Oxford nanopore library prep

Libraries were prepared using manufacturer's protocol with slight modifications. Protect-seq purified DNA (not fragmented) was treated using NEB FFPE-repair mix. Samples were purified using (0.9×) SPRI beads, washed twice with 70% ethanol, resuspended in 25 μl water. End Prep: 25 μl DNA, 3.5 μl UltraII End-prep Buffer, 1.5 μl UltraII End-prep enzyme mix; incubate RT for 20 min then 65°C for 20 min. Adaptor Ligation: 30 μl DNA from end-prep, 20 μl AMX adaptor, 24 μl UltraII ligation master mix, 1 μl UltraII ligation enhancer; incubate RT 20 min.

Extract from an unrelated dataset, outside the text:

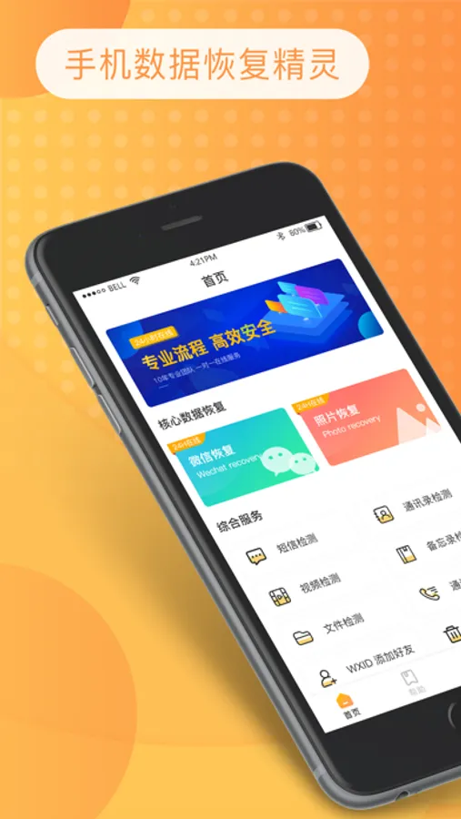 手机数据恢复精灵是一款为手机数据处理打造的服务平台,在不断的技术累计及对手机系统的研究下,当前支持微信好友、微信消息、手机通讯录、手机通话记录、手机照片/视频、手机短信、QQ好友、QQ消息、等手机数据找回,同时针对敏感信息也提供彻底清除服务。

Chromatin immunoprecipitation (ChIP) experiments

SimpleChIP® Plus Enzymatic Chromatin IP Kit (Magnetic Beads) #9005 from Cell Signaling Technologies was used for all ChIP-seq experiments using manufacturer's recommended protocol. Four million cells per IP. Digested chromatin was pooled into single tube for brief sonication to lyse nuclei. Supernatant was then split evenly between IPs (minus 2% input). Antibodies and chromatin were incubated overnight at 4°C, rotating. DNA was purified using spin columns and prepared using NEB Ultra II DNA library kit.

Repli-seq

Repli-seq experiments were conducted as previously described (20). Cells were sorted on a SONY SH800 FACS machine.

Data analysis

FASTQ files were trimmed and assessed for quality with fastp (21). Trimmed reads were mapped to hg38 (UCSC) using bwa mem (22). Alignment files (BAM format) were filtered using encode_filter.py (https://github.com/ENCODE-DCC/chip-seq-pipeline2). Replicate filtered BAM files were merged using sambamba (23). Signal tracks were generated using 100 bp bins and normalized to reads per genomic content (RPGC) using deeptools bamCoverage (24–26) with the following parameters: -of bigwig -effectiveGenomeSize 2913022398 -normalizeUsing RPGC -e. Differential signal tracks (log2ratio) were generated using deeptools bamCompare. Published data (Fastq files) were downloaded from GEO and processed as described above. Pearson and spearman correlation were performed using deeptools.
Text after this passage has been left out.